TASK TO CARRY OUT: Look through the records below and give the number of lines holding the string "with", nothing more.

INFORMATION SHOWN:
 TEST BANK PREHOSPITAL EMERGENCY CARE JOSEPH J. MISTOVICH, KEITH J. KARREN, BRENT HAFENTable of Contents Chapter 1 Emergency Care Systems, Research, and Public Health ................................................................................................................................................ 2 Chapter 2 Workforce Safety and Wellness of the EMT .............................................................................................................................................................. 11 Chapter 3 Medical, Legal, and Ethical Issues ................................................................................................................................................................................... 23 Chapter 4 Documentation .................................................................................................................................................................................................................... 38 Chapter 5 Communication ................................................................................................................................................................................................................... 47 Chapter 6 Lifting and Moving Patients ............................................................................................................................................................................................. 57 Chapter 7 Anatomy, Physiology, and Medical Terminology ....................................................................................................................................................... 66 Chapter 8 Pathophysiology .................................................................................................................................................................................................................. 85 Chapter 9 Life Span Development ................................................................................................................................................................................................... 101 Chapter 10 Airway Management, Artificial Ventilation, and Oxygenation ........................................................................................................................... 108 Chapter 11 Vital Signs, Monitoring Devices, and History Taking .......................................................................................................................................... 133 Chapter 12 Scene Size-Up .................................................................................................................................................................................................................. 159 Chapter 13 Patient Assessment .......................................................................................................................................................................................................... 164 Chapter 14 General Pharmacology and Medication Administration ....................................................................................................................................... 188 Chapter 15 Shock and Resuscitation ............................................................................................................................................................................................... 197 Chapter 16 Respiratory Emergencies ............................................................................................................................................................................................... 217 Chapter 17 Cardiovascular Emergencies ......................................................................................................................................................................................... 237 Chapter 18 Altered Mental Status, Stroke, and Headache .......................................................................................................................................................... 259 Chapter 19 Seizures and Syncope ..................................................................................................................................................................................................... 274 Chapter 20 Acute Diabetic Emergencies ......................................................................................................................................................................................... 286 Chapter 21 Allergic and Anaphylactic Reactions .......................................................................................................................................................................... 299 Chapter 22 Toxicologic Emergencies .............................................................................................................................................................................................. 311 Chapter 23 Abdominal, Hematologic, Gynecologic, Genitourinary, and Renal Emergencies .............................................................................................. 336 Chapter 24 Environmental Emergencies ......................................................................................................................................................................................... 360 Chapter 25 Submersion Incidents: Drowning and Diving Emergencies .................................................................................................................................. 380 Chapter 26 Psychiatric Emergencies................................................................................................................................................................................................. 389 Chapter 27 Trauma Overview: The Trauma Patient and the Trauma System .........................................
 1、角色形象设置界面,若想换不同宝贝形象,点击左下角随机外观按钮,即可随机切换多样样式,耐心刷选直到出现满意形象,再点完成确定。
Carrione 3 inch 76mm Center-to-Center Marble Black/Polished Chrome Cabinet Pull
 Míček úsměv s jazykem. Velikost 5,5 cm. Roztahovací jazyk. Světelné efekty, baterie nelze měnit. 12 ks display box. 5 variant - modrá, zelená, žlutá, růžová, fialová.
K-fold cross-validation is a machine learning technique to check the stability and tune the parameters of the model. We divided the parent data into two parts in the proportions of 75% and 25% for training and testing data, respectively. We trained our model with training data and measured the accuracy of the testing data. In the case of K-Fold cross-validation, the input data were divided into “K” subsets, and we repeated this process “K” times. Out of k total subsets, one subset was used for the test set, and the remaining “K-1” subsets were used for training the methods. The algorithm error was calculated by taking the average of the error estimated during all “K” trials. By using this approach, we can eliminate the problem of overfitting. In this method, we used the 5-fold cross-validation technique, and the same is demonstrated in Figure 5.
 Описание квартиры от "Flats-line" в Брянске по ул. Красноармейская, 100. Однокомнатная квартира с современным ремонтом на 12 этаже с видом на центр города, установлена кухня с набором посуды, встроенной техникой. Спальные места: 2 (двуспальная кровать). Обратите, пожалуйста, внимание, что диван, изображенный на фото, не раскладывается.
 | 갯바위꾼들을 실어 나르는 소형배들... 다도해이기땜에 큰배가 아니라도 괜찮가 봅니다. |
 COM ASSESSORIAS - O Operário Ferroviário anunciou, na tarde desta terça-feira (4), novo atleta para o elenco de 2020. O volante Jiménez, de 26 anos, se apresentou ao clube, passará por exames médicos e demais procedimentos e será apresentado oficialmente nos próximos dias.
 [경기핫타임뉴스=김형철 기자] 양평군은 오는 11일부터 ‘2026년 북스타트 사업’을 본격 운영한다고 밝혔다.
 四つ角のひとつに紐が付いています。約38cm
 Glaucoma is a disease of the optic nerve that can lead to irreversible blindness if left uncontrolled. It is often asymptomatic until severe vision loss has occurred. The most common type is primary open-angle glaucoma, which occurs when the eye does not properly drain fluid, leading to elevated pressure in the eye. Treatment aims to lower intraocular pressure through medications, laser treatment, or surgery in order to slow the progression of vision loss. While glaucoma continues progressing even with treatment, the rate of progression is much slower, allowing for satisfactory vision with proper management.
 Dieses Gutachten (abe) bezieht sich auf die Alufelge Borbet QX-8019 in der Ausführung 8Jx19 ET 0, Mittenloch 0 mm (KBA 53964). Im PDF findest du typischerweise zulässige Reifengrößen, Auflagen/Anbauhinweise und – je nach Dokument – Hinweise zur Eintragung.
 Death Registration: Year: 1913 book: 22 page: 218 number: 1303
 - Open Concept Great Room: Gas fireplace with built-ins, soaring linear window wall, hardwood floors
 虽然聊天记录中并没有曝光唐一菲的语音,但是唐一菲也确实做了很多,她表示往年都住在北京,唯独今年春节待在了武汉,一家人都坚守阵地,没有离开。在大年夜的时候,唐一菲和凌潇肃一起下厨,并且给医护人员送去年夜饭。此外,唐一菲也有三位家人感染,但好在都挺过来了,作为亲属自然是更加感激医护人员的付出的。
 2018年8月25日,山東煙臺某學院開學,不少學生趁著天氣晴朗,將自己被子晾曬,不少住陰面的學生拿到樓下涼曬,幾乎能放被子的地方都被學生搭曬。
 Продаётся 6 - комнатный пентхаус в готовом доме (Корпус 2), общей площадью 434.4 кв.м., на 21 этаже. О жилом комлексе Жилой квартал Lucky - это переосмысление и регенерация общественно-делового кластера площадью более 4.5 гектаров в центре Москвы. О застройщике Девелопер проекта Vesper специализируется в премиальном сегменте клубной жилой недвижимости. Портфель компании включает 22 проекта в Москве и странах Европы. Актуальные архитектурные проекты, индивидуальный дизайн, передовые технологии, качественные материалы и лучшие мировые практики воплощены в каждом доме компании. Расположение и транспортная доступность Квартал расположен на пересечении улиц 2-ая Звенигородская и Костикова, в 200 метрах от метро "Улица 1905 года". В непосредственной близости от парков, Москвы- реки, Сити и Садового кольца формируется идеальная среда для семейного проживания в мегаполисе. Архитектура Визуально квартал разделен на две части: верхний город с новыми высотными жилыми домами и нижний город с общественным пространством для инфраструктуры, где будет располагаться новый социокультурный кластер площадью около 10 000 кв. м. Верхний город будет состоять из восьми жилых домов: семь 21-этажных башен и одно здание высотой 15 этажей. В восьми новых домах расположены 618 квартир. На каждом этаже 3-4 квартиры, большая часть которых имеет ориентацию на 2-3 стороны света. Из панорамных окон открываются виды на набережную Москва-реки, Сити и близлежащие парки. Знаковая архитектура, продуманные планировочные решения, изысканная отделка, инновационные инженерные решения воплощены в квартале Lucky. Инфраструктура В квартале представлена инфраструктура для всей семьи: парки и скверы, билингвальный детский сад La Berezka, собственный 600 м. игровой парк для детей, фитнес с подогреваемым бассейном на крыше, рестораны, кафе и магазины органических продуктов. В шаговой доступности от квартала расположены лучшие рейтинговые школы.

ANSWER SPACE: 3